— Exercise instructions —
Repeat the data that follows exactly, starting at the line with "水果店店主 阿貝:中國的水果" and ending at the line with "During his stay", and leave out every picture.

Materials provided Block Start

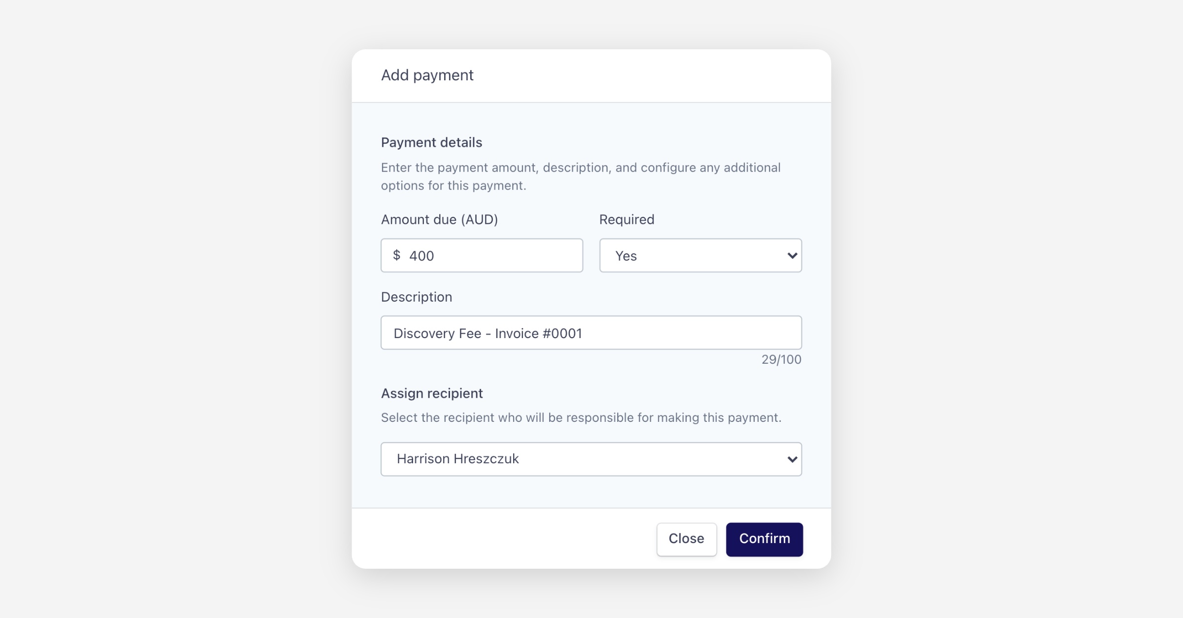 Description — What the payment is for (e.g. "Discovery Fee - Invoice #0001").
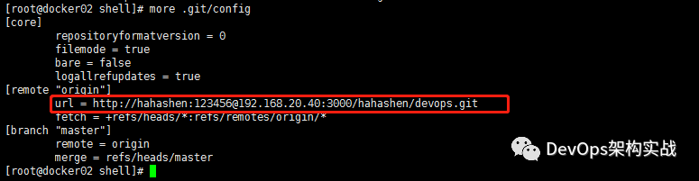 配置密码url = http://hahashen:123456@192.168.20.40:3000/hahashen/devops.git
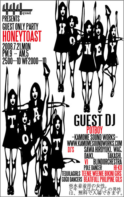 -HONEY TOAST- 2008/7/21(mon) start 21:00 close 5:00 doorchage 2500/1D ■Guest DJ POTBOY(kamomesoundworks/lasermagnetic) ■Dj's DJ DAIKI 澤 ヒロユキ MoRiMoRi(ontheline two) DJ TAKASHI Wac Mc(united passenger/Tommy's Boot Camp Recordz) ■VJ Blind Orchestra ■POLEDANCER HI-KO ■GO!GO!DANCER Beatiful Philipine Girls ■TEQUILA GIRLS TEENIE WEENIE BIKINI GIRLS この日は、海の日!夏の始まりをお知らせするパーティー 「Honey Toast」がいよいよ来週の月曜日に! ※ このパーティ
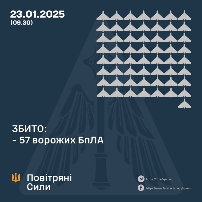 - підтверджено збиття 57 ударних БПЛА типу Shahed та безпілотників інших типів у Полтавській, Сумській, Харківській, Чернігівській, Миколаївській, Херсонській, Запорізькій та Дніпропетровській областях;
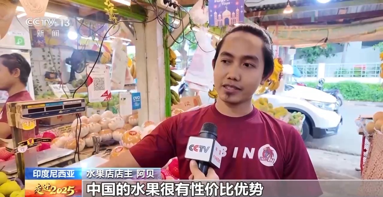 水果店店主 阿貝:中國的水果很有性價比優(yōu)勢,市場上的進口水果,主要來自中國、澳大利亞、美國,但占據(jù)主導(dǎo)的,大部分都來自中國。
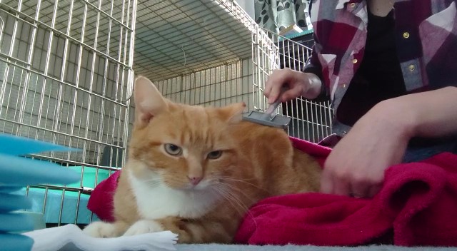 During his stay at the Cat Clinic he had to be handled each day to get the wounds treated, medication to be given and K Laser used to try to speed up the recovery. It was found that he had 2 infections in his wounds so antibiotics were prescribed. Handling was kept to a minimum to try to reduce his stress.
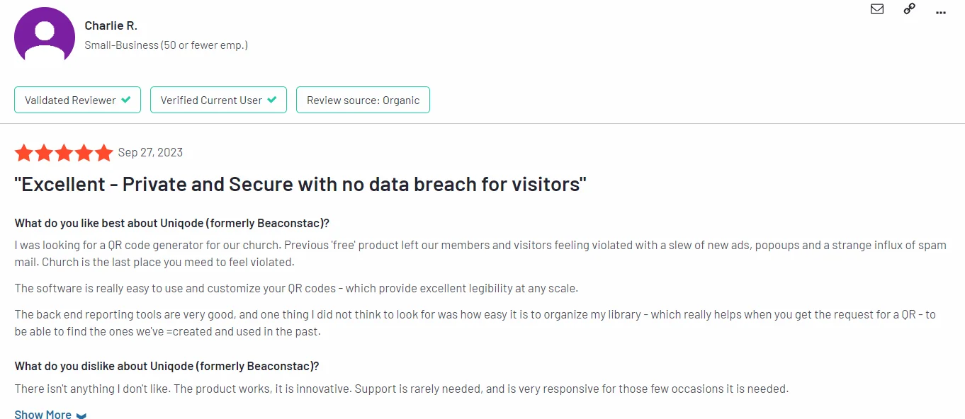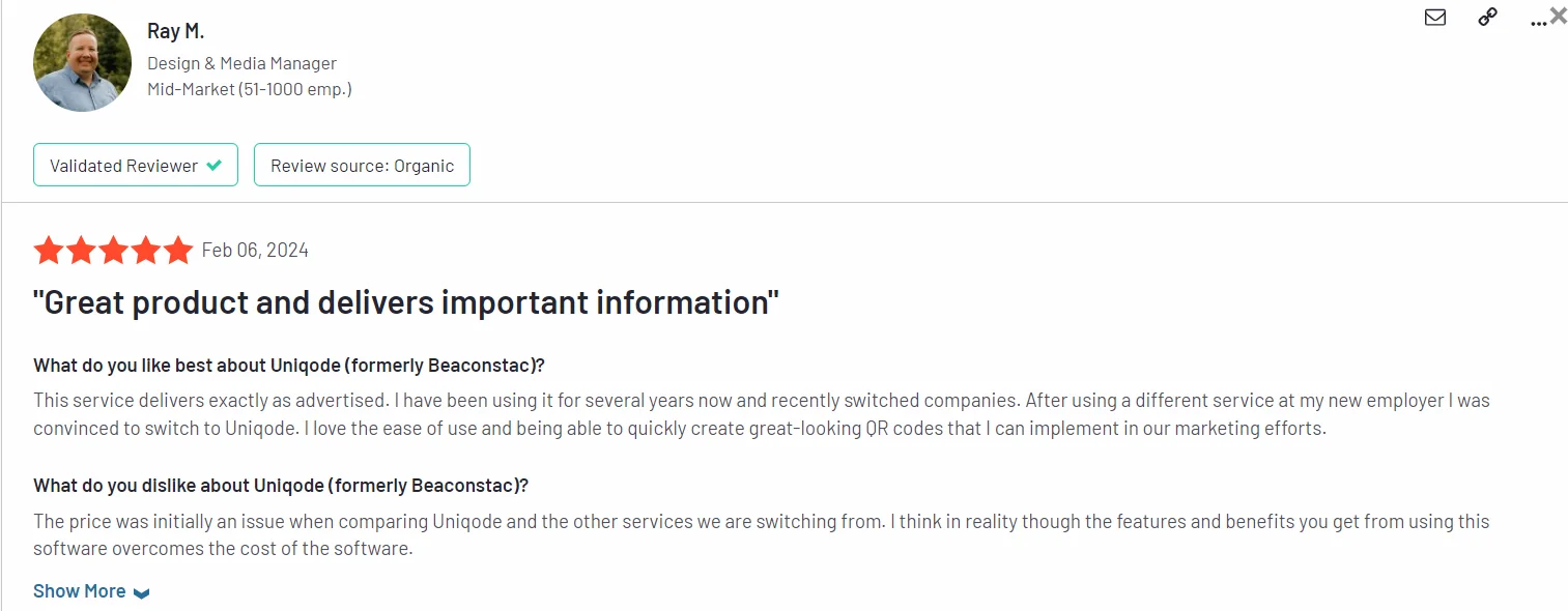 With a superb 4.9/5⭐ rating on G2 and positive feedback for its ease of use, features, and support, Uniqode ensures your QR codes are visually appealing, highly functional, and perfectly aligned with your brand.
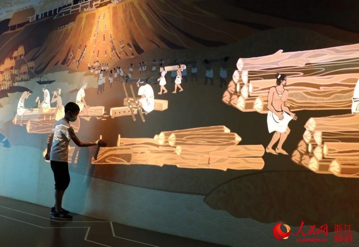 “意象良渚”跨媒體藝術沉浸展上,觀眾與藝術環幕互動。人民網 王麗瑋攝
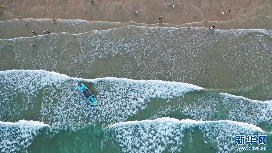 這是傍晚時分拍攝到的浪花、小船與游客(10月14日攝,無人機照片)。新華網 肖和勇 攝
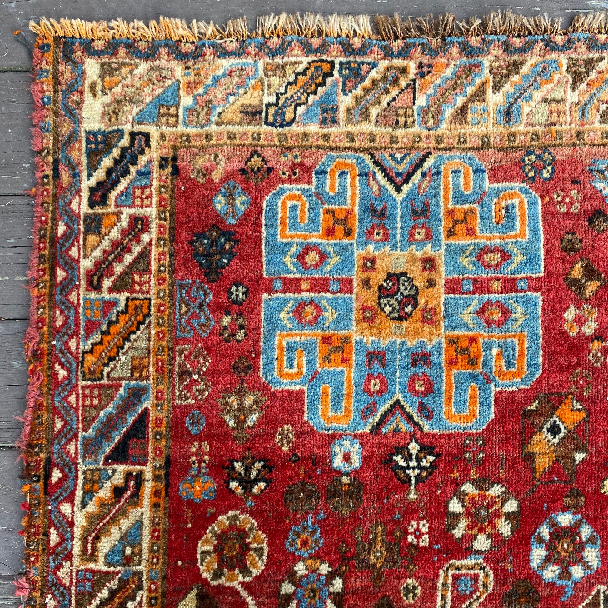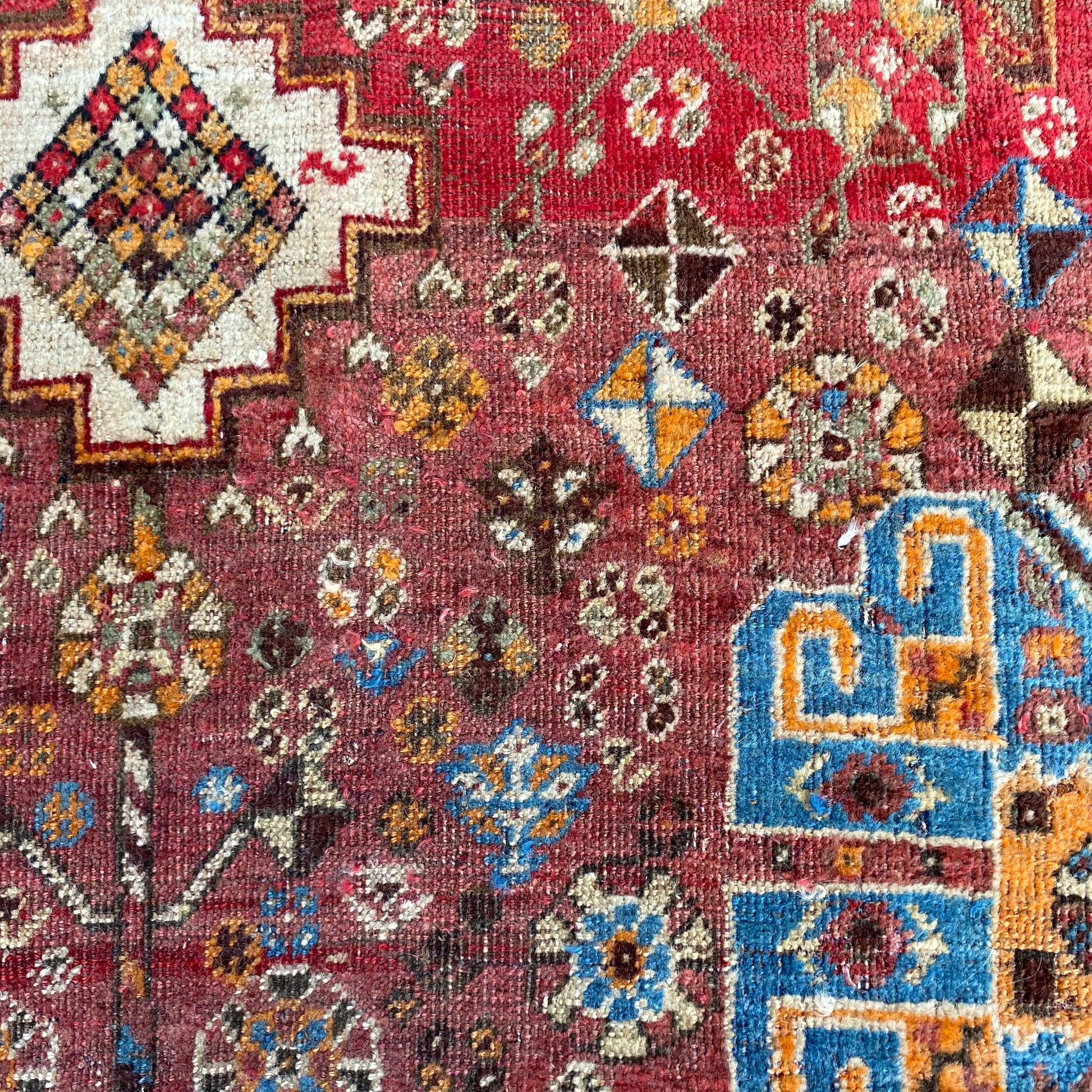 This vintage rug is in good condition. The design features a tribal pattern set in a red field with blue, orange and white highlights. There is wear on the edges, fringe ends and throughout. There is some uneven fading in the field as seen in the photos.
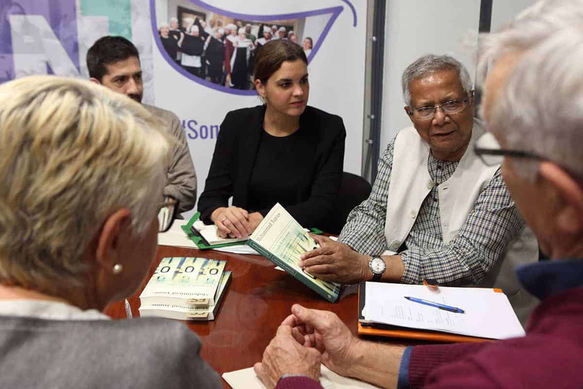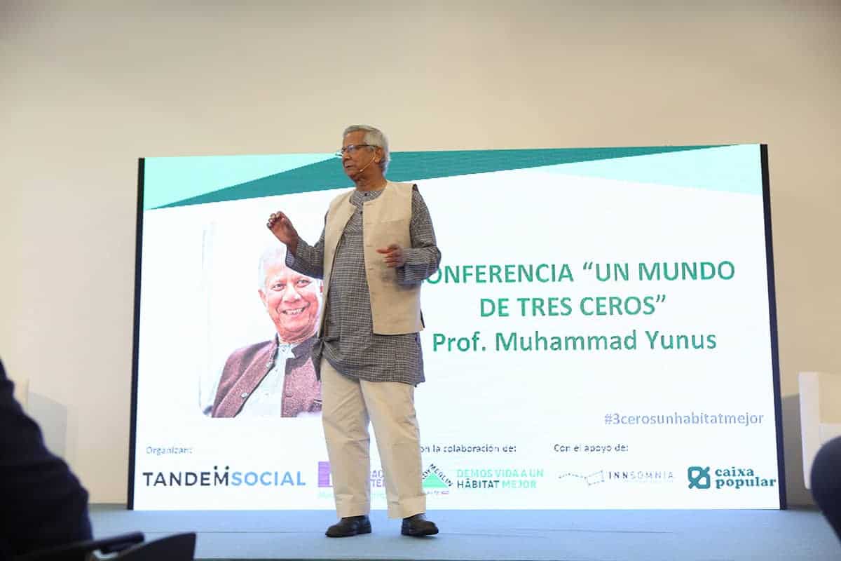 No hay mejor manera de contar lo que ha sido ser anfitriones del Nobel de la Paz Muhammed Yunus en su visita a Valencia para presentar su último libro «Un mundo de tres ceros. La nueva economía de pobreza cero, desempleo cero y cero emisiones netas de carbono», en colaboración con su partner estratégico en España, Tandem Social, a los que estamos enormemente agradecidos por elegirnos. Y no estuvimos solos. Como siempre, contamos con aliados para hacerlo posible, en este caso con la colaboración de Caixa Popular e Innsomnia.
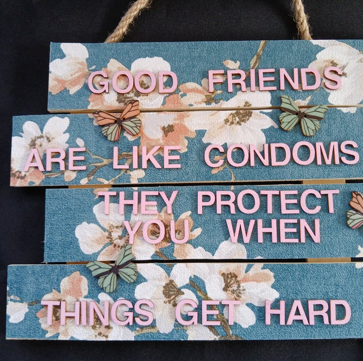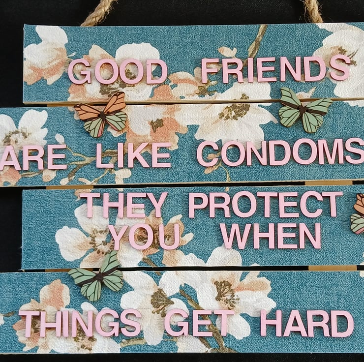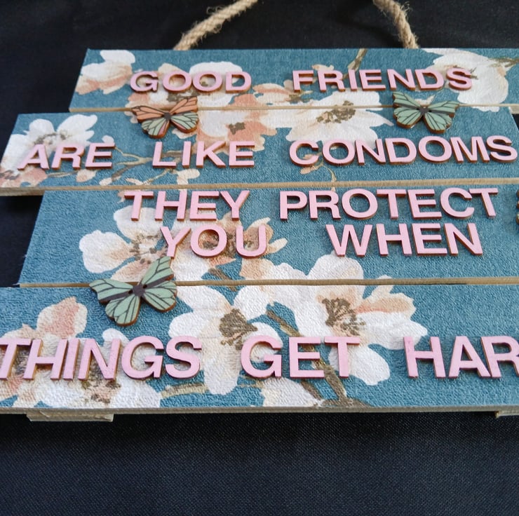 Hand decorated hanging wooden sign
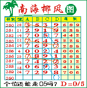 “南海椰风”第1390期推荐版局规律,本期个位05走三步.
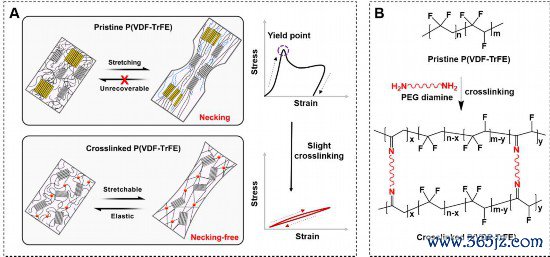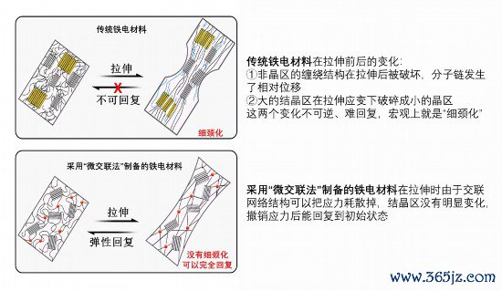 制备弹性铁电材料的花样被团队称之为“微交联法”。传统的铁电材料主要为线性结构,枚举规整的部分酿成结晶区提供铁电性,而剩余的分子链互相缠绕在一说念。由于线性的分子链间莫得共价聚会,一朝施加外力,这种互相缠绕就会解开,进而导致结晶区被大意,影响其铁电性。商讨团队禁受“微交联法”,用微量的柔嫩链状团员物,让铁电晶体独揽非晶的缠绕部分交联起来,互相交汇酿成具有弹性的渔网状结构。这种渔网状结构松散地将铁电晶体聚会在一说念,在外力作用时,不错产生可逆的形变来继承外力,幸免外力对结晶部分的大意,进而使材料在一定拉伸界限内依旧约略保握清爽的铁电性。而在外力捣毁时,这种弹性的渔网状结构约略回复至驱动现象。此外,通过精确遗弃交联剂的用量,不错确保铁电晶体约略均匀地别离在交联收聚会,使材料在交联后也能保握较好的铁电反馈。
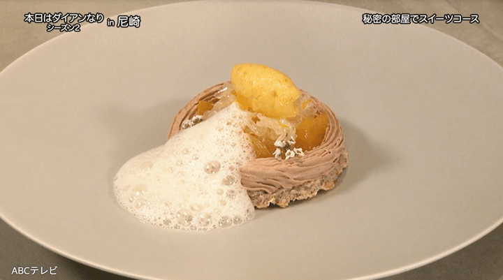 ラストは、紅茶とショコラ、柑橘類のデザートだ。ヘーゼルナッツとメレンゲで作った焼き菓子に、デコポンのコンフィチュール、アールグレイチョコレートクリーム、デコポン、バンペイユ、オレンジ果汁とデコポンのマーマレードなどで作ったアイスクリームをオン。その上に、アールグレイとミルクを泡立てたものをかけて完成すると、ダイアンは「オシャレ~!」「ホンマ美しい」とうっとり。もちろん味も格別で、「これはおいしいわ!」「(柑橘とショコラの)相性いいっすね!」「これは見事!」とうなった。

Materials provided Block End

— Exercise answer —
 水果店店主 阿貝:中國的水果很有性價比優(yōu)勢,市場上的進口水果,主要來自中國、澳大利亞、美國,但占據(jù)主導(dǎo)的,大部分都來自中國。
 During his stay at the Cat Clinic he had to be handled each day to get the wounds treated, medication to be given and K Laser used to try to speed up the recovery. It was found that he had 2 infections in his wounds so antibiotics were prescribed. Handling was kept to a minimum to try to reduce his stress.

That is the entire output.